### WHAT THE TASK ASKS:
Word for word, return each entry that follows, with every image removed.

### DATA FOR THE TASK:
|---|

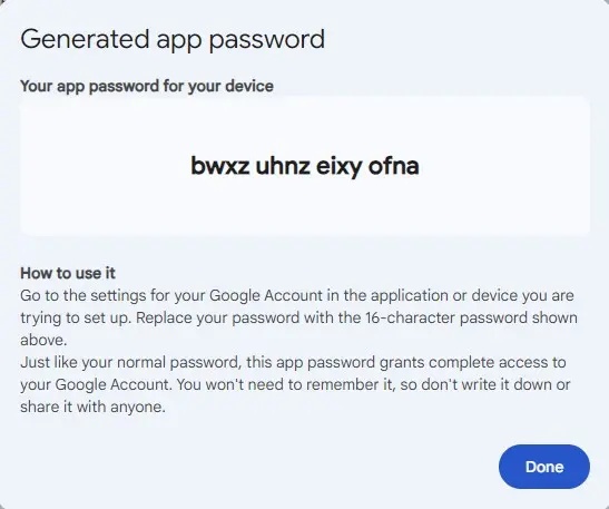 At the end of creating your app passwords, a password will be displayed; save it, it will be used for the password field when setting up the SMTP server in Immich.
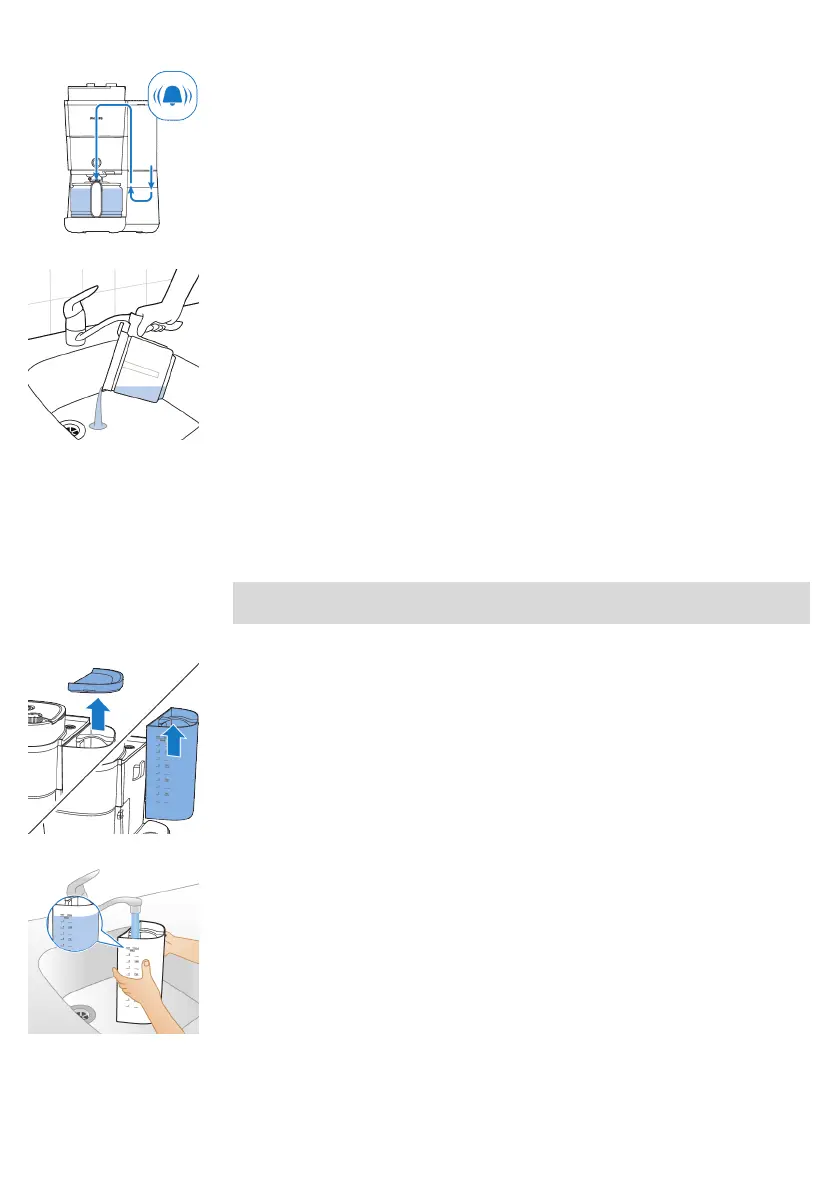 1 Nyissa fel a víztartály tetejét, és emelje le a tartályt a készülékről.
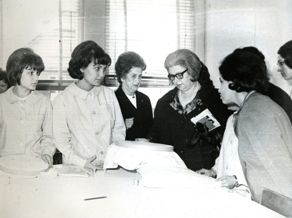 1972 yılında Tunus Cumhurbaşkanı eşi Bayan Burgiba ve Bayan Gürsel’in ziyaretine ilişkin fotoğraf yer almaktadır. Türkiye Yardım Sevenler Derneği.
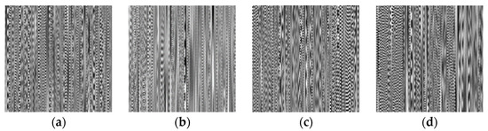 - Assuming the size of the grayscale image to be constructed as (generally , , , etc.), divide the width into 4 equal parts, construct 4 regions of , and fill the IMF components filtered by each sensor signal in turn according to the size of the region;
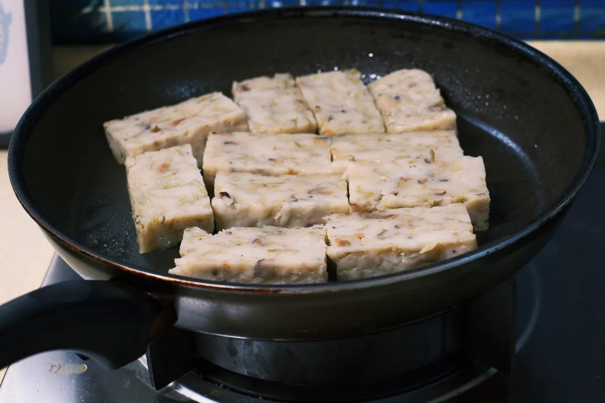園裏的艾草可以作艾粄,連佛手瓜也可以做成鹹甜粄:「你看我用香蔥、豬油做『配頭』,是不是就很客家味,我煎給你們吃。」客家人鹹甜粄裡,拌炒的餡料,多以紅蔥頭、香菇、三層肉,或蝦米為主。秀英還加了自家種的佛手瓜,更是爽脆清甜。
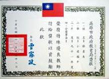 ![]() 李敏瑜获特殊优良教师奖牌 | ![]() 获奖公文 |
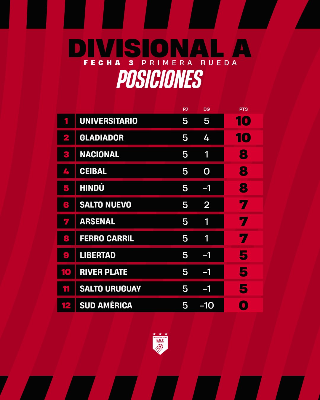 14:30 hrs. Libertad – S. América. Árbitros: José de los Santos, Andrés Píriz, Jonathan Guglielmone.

|---|

### TASK RESPONSE:
 At the end of creating your app passwords, a password will be displayed; save it, it will be used for the password field when setting up the SMTP server in Immich.
 1 Nyissa fel a víztartály tetejét, és emelje le a tartályt a készülékről.
 1972 yılında Tunus Cumhurbaşkanı eşi Bayan Burgiba ve Bayan Gürsel’in ziyaretine ilişkin fotoğraf yer almaktadır. Türkiye Yardım Sevenler Derneği.
 - Assuming the size of the grayscale image to be constructed as (generally , , , etc.), divide the width into 4 equal parts, construct 4 regions of , and fill the IMF components filtered by each sensor signal in turn according to the size of the region;
園裏的艾草可以作艾粄,連佛手瓜也可以做成鹹甜粄:「你看我用香蔥、豬油做『配頭』,是不是就很客家味,我煎給你們吃。」客家人鹹甜粄裡,拌炒的餡料,多以紅蔥頭、香菇、三層肉,或蝦米為主。秀英還加了自家種的佛手瓜,更是爽脆清甜。
 ![]() 李敏瑜获特殊优良教师奖牌 | ![]() 获奖公文 |
 14:30 hrs. Libertad – S. América. Árbitros: José de los Santos, Andrés Píriz, Jonathan Guglielmone.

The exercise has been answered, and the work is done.